From the first line to the last, restate the records word for word, skipping the pictures.

[Items listed in a dataset]
※ ※ ※

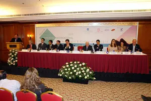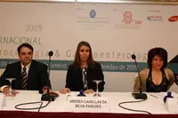 La mesa del Congreso. A la derecha, Andrea Paredes, Pilar Pin y Santiago Camba.
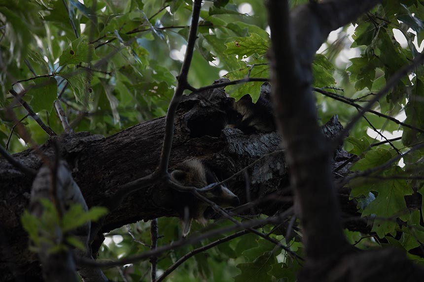 Here’s an example of how modern equipment can offset difficult lighting conditions. Photographer Tig Tillinghast took these images of young raccoons at twilight; the final photo has been darkened down in post-production to approximate how the scene appeared at the time to the human eye.
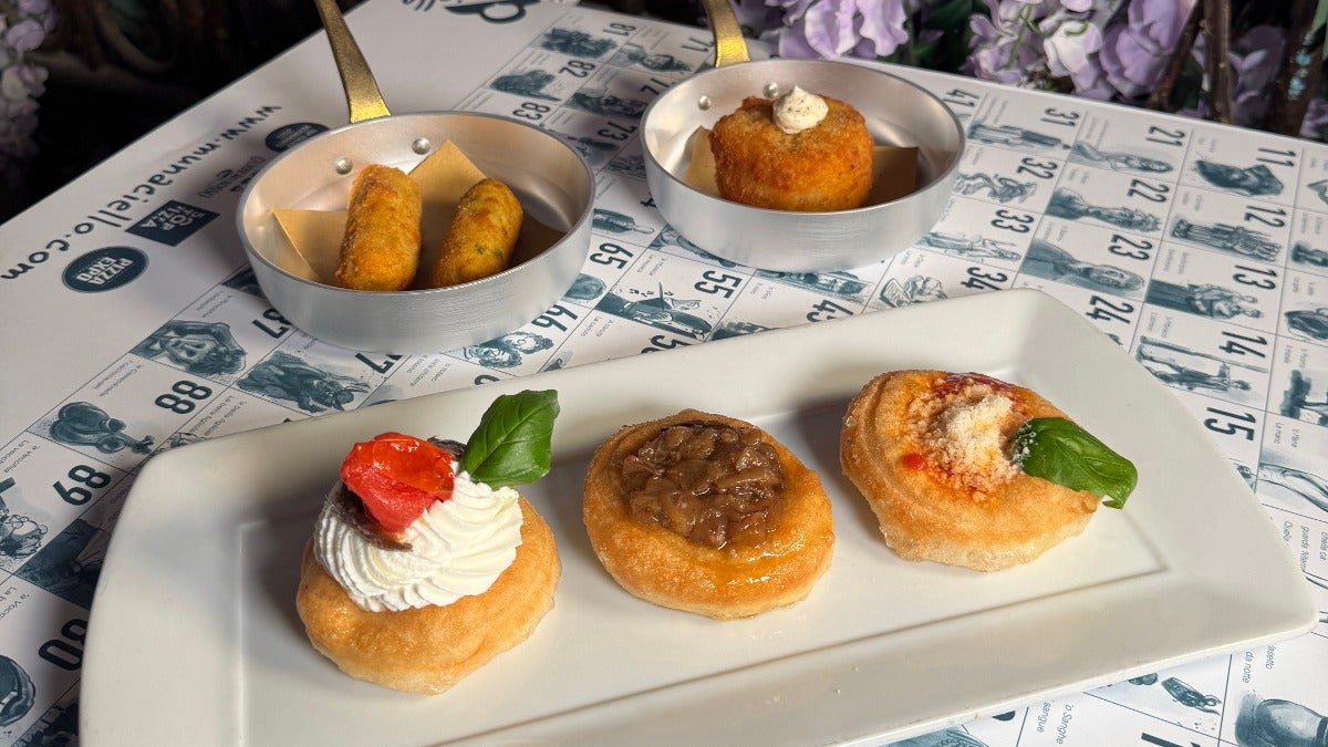 Montanara con ricotta di fuscella e latta di Alici del Cantabrico Rizzoli€15.00Montanara Stracciatella , pesto di nocciole e tartufo
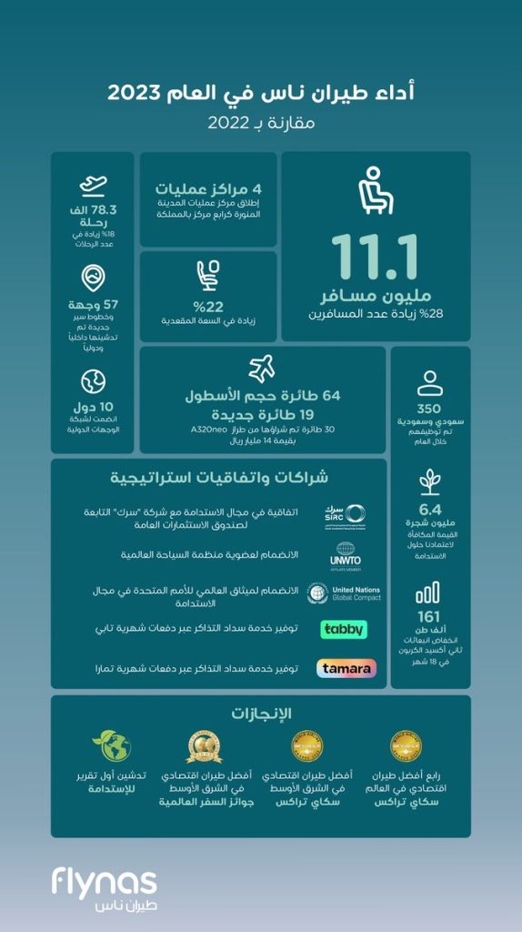 أعلنت شركة “طيران ناس” السعودية، أنها نقلت أكثر من 11.1 مليون مسافر خلال 2023، لتحقق بذلك نتائج قياسية غير مسبوقة وتسجل ارتفاعاً تاريخياً على أساس سنوي بنسبة نمو تجاوزت 28% بالمقارنة مع 2022.
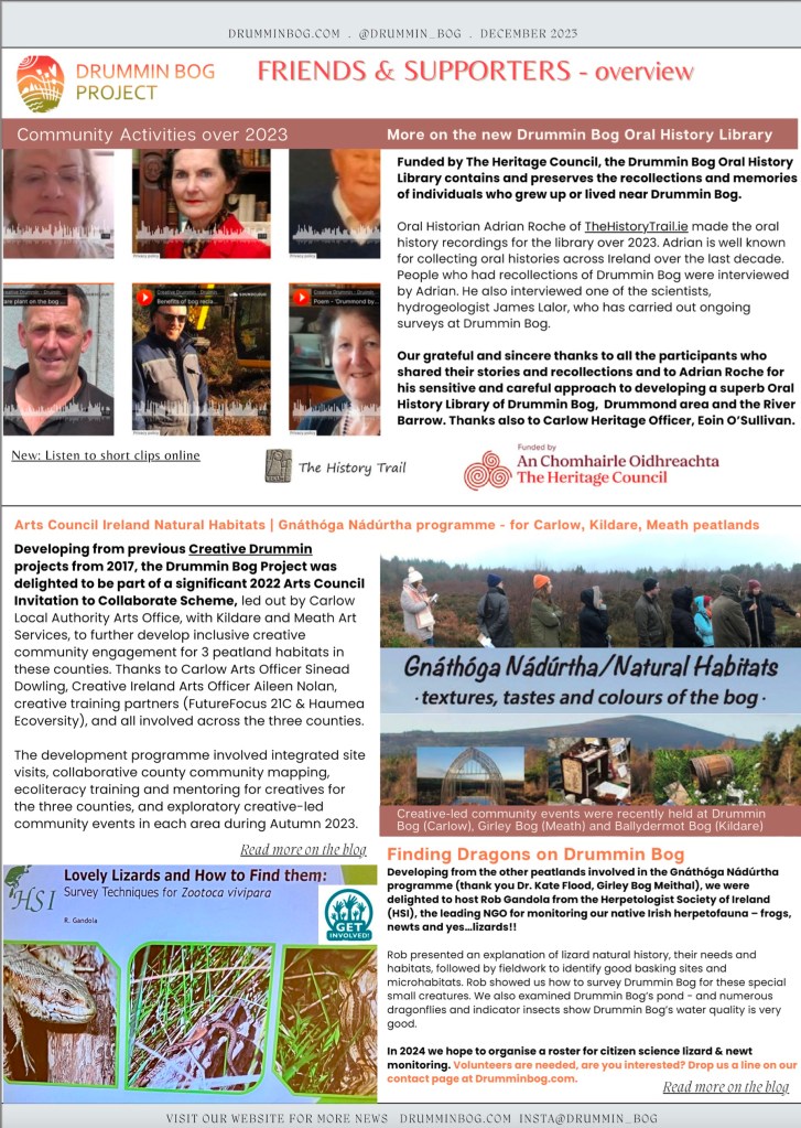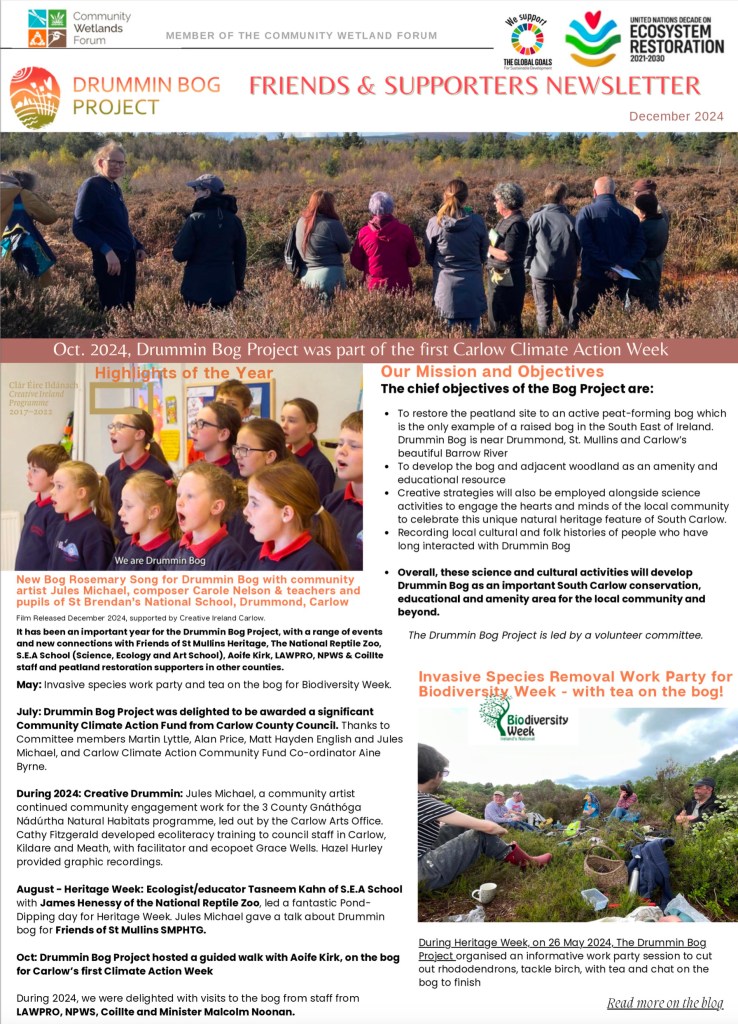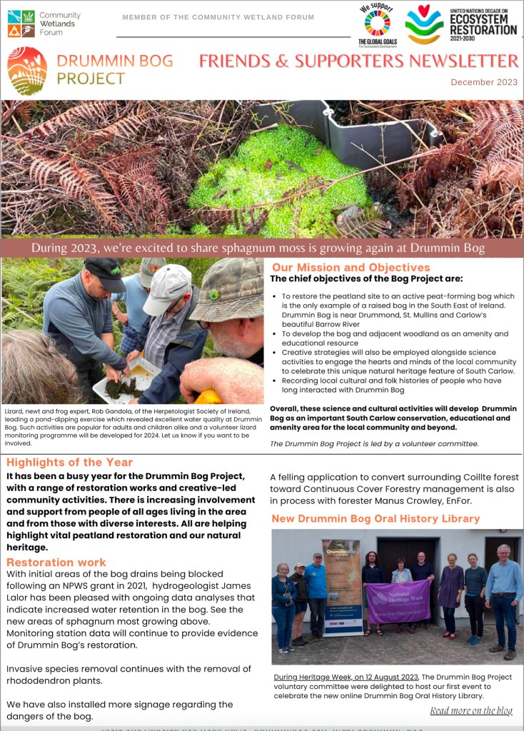 Newsletter . Celebrating Carlow's only Raised Bog Type your emailโฆ Subscribe December 2024 Newsletter 2024 Dec DB NewsletterDownload December 2023 Newsletter Download the pdf (with active weblinks) here: 2023-drummin-bog-dec-newsletter-14.12.2023cfDownload

※ ※ ※

**TASK SOLUTION**
 La mesa del Congreso. A la derecha, Andrea Paredes, Pilar Pin y Santiago Camba.
 Here’s an example of how modern equipment can offset difficult lighting conditions. Photographer Tig Tillinghast took these images of young raccoons at twilight; the final photo has been darkened down in post-production to approximate how the scene appeared at the time to the human eye.
 Montanara con ricotta di fuscella e latta di Alici del Cantabrico Rizzoli€15.00Montanara Stracciatella , pesto di nocciole e tartufo
 أعلنت شركة “طيران ناس” السعودية، أنها نقلت أكثر من 11.1 مليون مسافر خلال 2023، لتحقق بذلك نتائج قياسية غير مسبوقة وتسجل ارتفاعاً تاريخياً على أساس سنوي بنسبة نمو تجاوزت 28% بالمقارنة مع 2022.
 Newsletter . Celebrating Carlow's only Raised Bog Type your emailโฆ Subscribe December 2024 Newsletter 2024 Dec DB NewsletterDownload December 2023 Newsletter Download the pdf (with active weblinks) here: 2023-drummin-bog-dec-newsletter-14.12.2023cfDownload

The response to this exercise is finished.